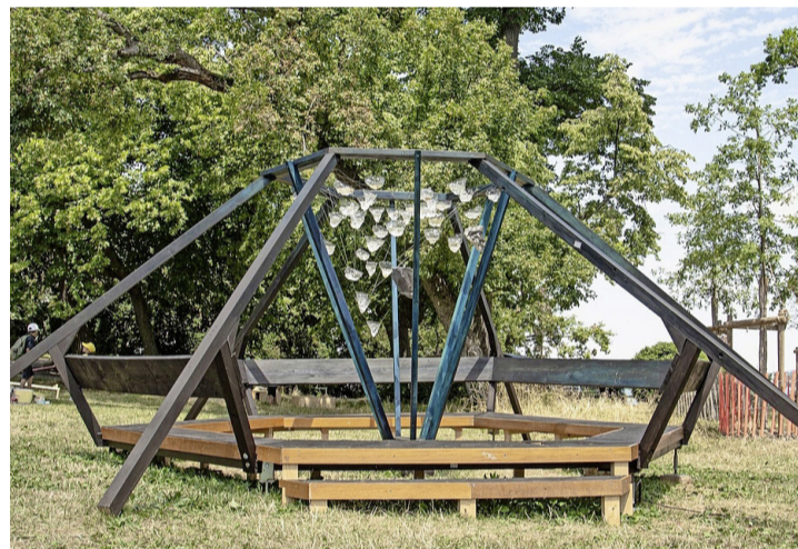
Metafora, de Psyn Fysi et Johan Rosset.

L'exposition est tout public. Le vernissage, en présence des artistes, se tiendra le vendredi 1 er septembre à 18 h au parc de la villa Greta (chemin du Champ-de-Blé 6), si la météo le permet.
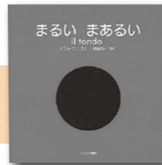
「まるいまるい」 イエラ・マリ/著 ブロンズ新社

【児童】まるいおはなしがいっぱい まる、さんかく、しかくの形のなかのまるにスポッ トをあてます。コロコロしてかわいいイメージばか りですが、楽しいおはなしの他にタメになるおはなし もあります。本を読んでみんなでまるいえがおに なりましょう。
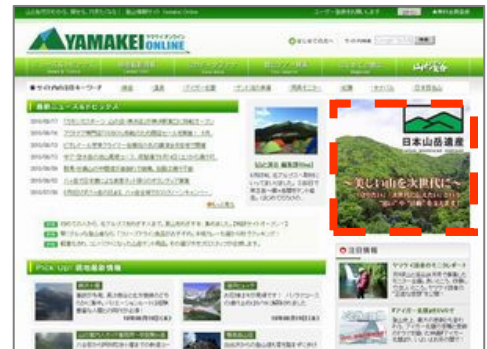
ヤマケイオンライン トップページ

登山情報サイト「ヤマケイオンライン」は、2010年4月にスタートした登山情報サイトです。山と溪谷社に日々集まる山のニュースを雑誌とは違うスピード感で情報提供しています。 この「ヤマケイオンライン」の冬の特集企画として、11月15日より、特集「スノーシューで冬を楽しむ(仮)」を掲載いたします。 この特集内に、宿泊施設・アウトドアガイドカンパニーを対象にした連合広告企画を初めて実施します。 どうぞこの機会に「ヤマケイオンライン」でのPRをご検討ください。

________________________

ACTIVITY: Each line of the data should be quoted exactly, with pictures left out.

RESULT OF THIS EXERCISE:
Metafora, de Psyn Fysi et Johan Rosset.

L'exposition est tout public. Le vernissage, en présence des artistes, se tiendra le vendredi 1 er septembre à 18 h au parc de la villa Greta (chemin du Champ-de-Blé 6), si la météo le permet.
「まるいまるい」 イエラ・マリ/著 ブロンズ新社

【児童】まるいおはなしがいっぱい まる、さんかく、しかくの形のなかのまるにスポッ トをあてます。コロコロしてかわいいイメージばか りですが、楽しいおはなしの他にタメになるおはなし もあります。本を読んでみんなでまるいえがおに なりましょう。
ヤマケイオンライン トップページ

登山情報サイト「ヤマケイオンライン」は、2010年4月にスタートした登山情報サイトです。山と溪谷社に日々集まる山のニュースを雑誌とは違うスピード感で情報提供しています。 この「ヤマケイオンライン」の冬の特集企画として、11月15日より、特集「スノーシューで冬を楽しむ(仮)」を掲載いたします。 この特集内に、宿泊施設・アウトドアガイドカンパニーを対象にした連合広告企画を初めて実施します。 どうぞこの機会に「ヤマケイオンライン」でのPRをご検討ください。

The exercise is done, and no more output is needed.